Extracted data entries:

+ + + + +

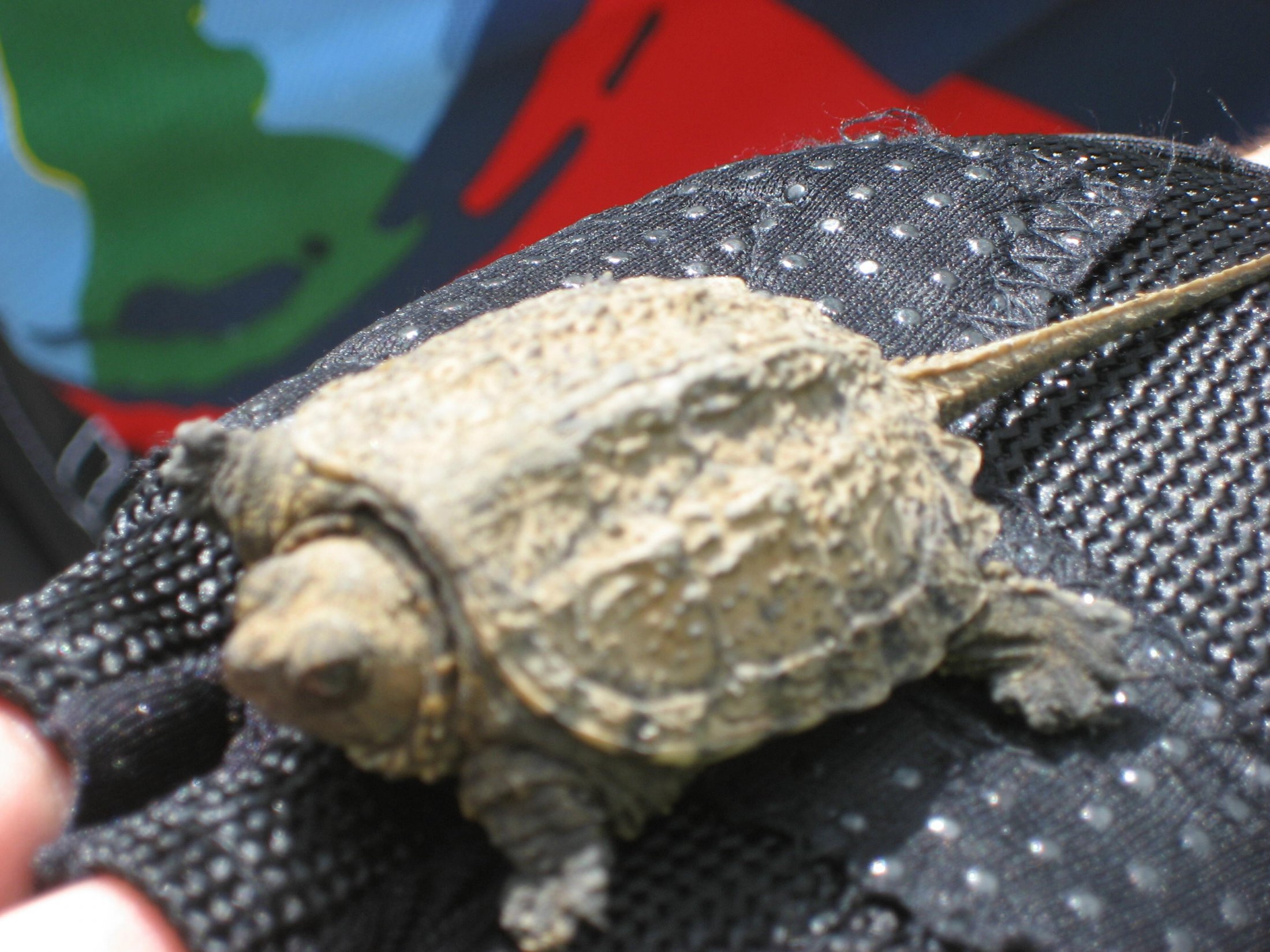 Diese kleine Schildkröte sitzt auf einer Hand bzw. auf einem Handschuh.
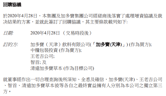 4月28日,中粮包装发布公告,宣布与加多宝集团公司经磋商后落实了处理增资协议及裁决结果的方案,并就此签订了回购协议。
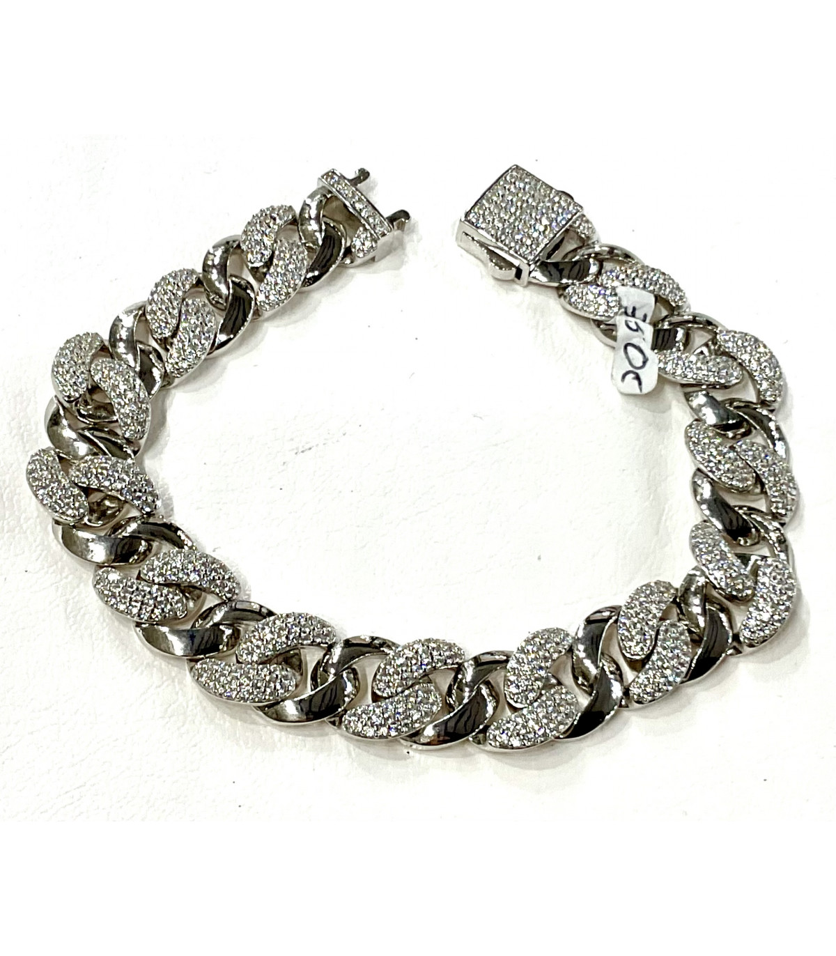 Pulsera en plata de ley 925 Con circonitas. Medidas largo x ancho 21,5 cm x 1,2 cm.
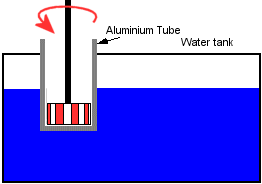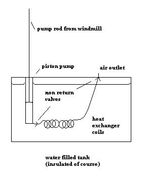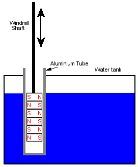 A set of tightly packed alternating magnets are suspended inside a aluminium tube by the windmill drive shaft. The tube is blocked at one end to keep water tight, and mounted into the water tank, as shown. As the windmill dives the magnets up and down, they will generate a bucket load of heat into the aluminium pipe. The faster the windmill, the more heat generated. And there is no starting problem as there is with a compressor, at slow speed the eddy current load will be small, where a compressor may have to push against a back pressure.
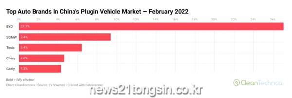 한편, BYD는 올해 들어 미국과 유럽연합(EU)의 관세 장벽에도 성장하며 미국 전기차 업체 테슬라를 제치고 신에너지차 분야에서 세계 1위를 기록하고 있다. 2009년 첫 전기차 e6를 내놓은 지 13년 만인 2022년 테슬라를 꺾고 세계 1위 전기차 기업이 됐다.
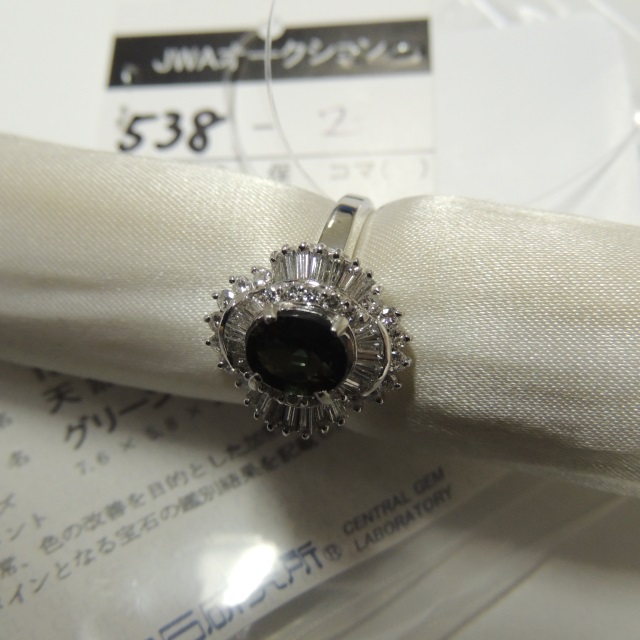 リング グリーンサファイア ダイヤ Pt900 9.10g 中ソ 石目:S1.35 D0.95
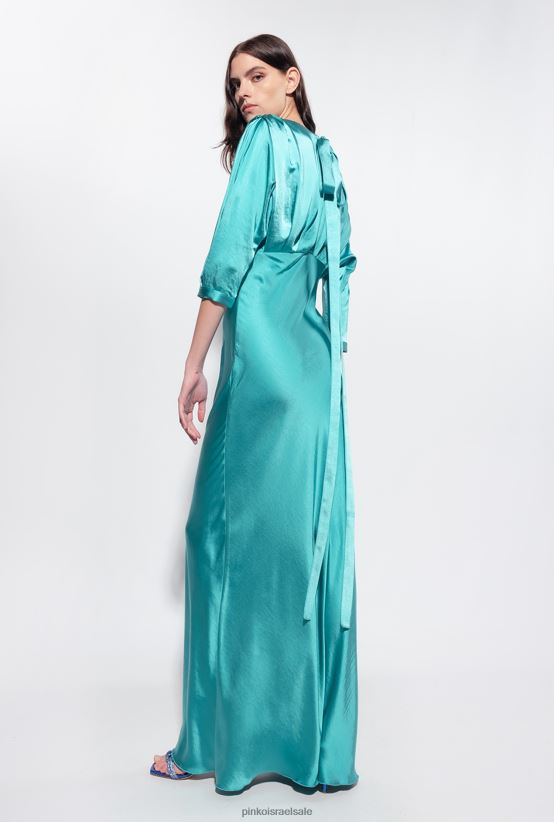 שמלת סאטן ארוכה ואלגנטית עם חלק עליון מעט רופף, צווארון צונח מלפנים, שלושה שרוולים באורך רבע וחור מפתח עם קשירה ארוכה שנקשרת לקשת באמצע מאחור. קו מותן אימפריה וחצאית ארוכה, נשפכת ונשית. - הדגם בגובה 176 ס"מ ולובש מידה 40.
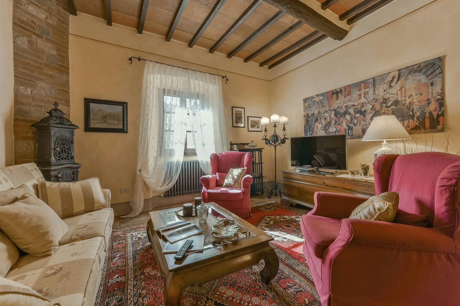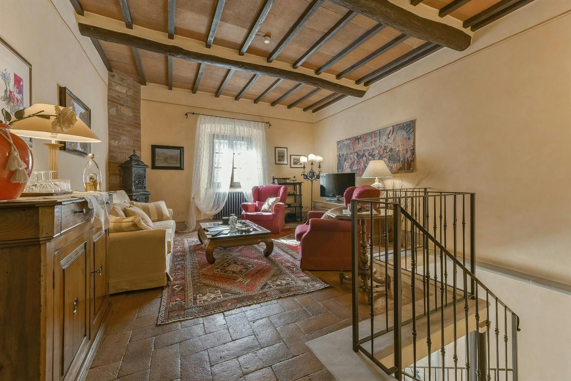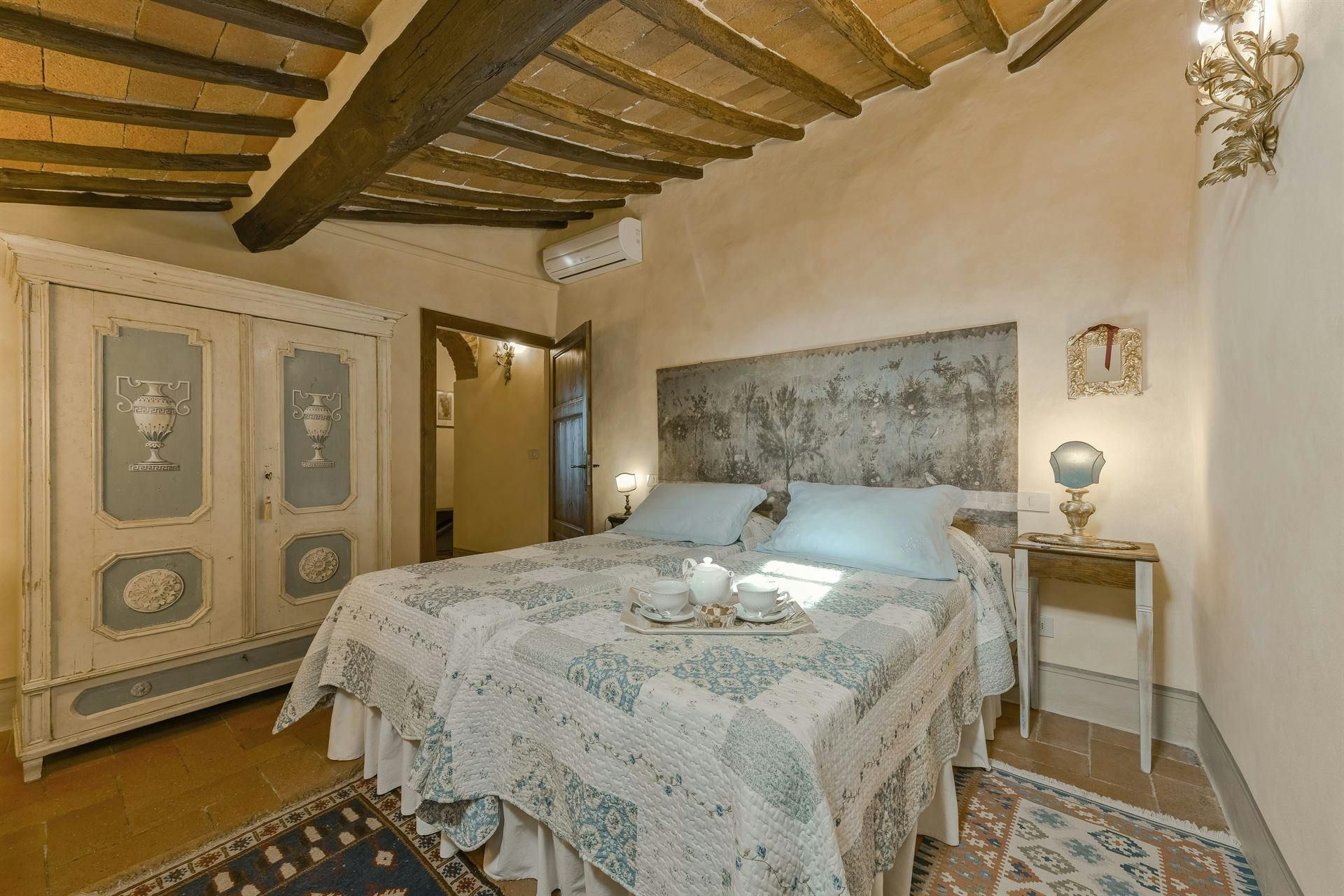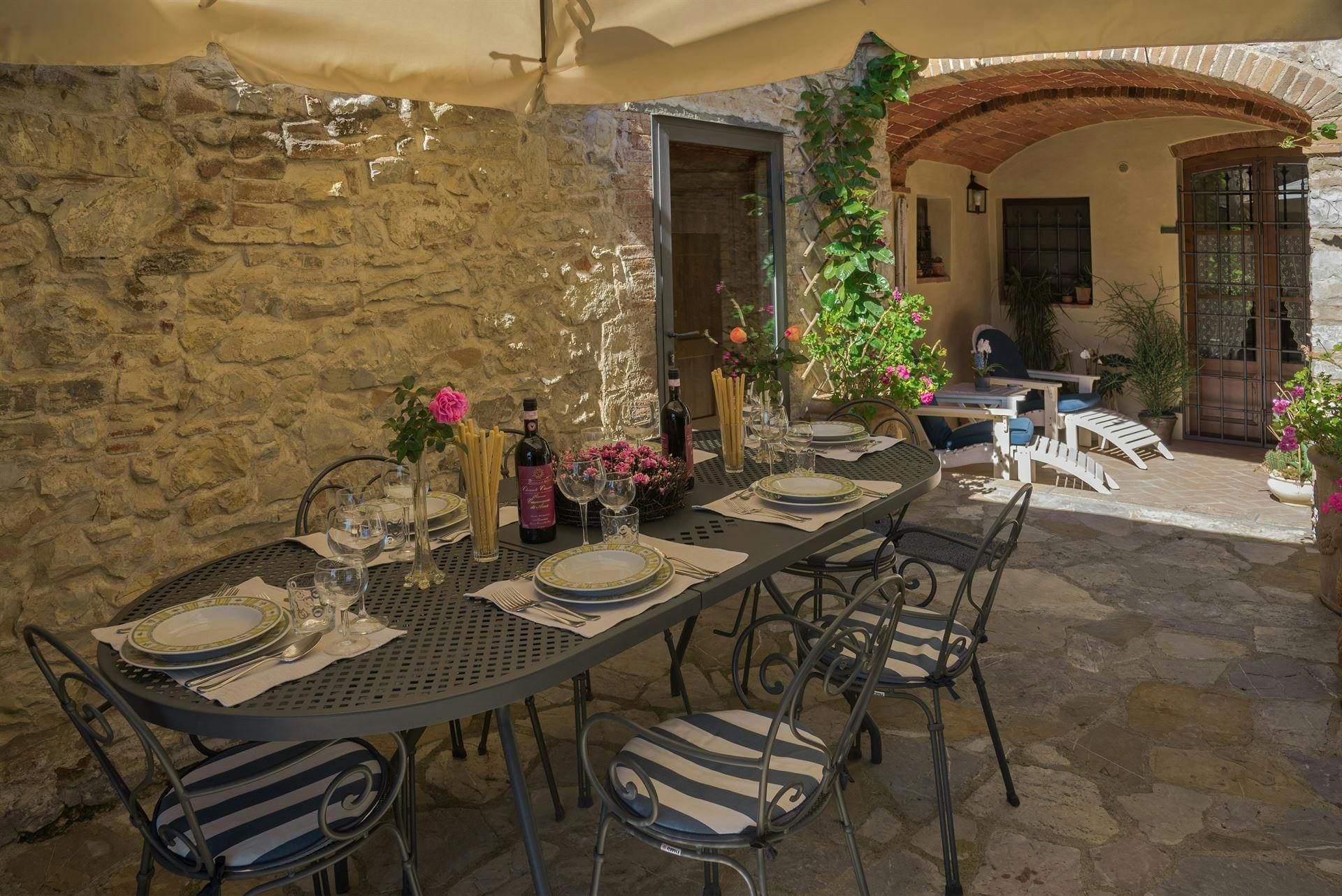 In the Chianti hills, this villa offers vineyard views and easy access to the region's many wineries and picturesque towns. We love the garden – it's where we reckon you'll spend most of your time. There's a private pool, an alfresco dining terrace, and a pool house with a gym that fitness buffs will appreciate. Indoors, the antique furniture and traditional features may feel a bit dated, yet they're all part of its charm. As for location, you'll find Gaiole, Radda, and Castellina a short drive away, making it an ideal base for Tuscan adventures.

+ + + + +

WHAT THE EXERCISE ASKS
Please return the lines from the line with "Pulsera en plata" through the last line of the data, both included, exactly, and without pictures.

ANSWER FOR THE TASK
 Pulsera en plata de ley 925 Con circonitas. Medidas largo x ancho 21,5 cm x 1,2 cm.
 A set of tightly packed alternating magnets are suspended inside a aluminium tube by the windmill drive shaft. The tube is blocked at one end to keep water tight, and mounted into the water tank, as shown. As the windmill dives the magnets up and down, they will generate a bucket load of heat into the aluminium pipe. The faster the windmill, the more heat generated. And there is no starting problem as there is with a compressor, at slow speed the eddy current load will be small, where a compressor may have to push against a back pressure.
 한편, BYD는 올해 들어 미국과 유럽연합(EU)의 관세 장벽에도 성장하며 미국 전기차 업체 테슬라를 제치고 신에너지차 분야에서 세계 1위를 기록하고 있다. 2009년 첫 전기차 e6를 내놓은 지 13년 만인 2022년 테슬라를 꺾고 세계 1위 전기차 기업이 됐다.
 リング グリーンサファイア ダイヤ Pt900 9.10g 中ソ 石目:S1.35 D0.95
 שמלת סאטן ארוכה ואלגנטית עם חלק עליון מעט רופף, צווארון צונח מלפנים, שלושה שרוולים באורך רבע וחור מפתח עם קשירה ארוכה שנקשרת לקשת באמצע מאחור. קו מותן אימפריה וחצאית ארוכה, נשפכת ונשית. - הדגם בגובה 176 ס"מ ולובש מידה 40.
 In the Chianti hills, this villa offers vineyard views and easy access to the region's many wineries and picturesque towns. We love the garden – it's where we reckon you'll spend most of your time. There's a private pool, an alfresco dining terrace, and a pool house with a gym that fitness buffs will appreciate. Indoors, the antique furniture and traditional features may feel a bit dated, yet they're all part of its charm. As for location, you'll find Gaiole, Radda, and Castellina a short drive away, making it an ideal base for Tuscan adventures.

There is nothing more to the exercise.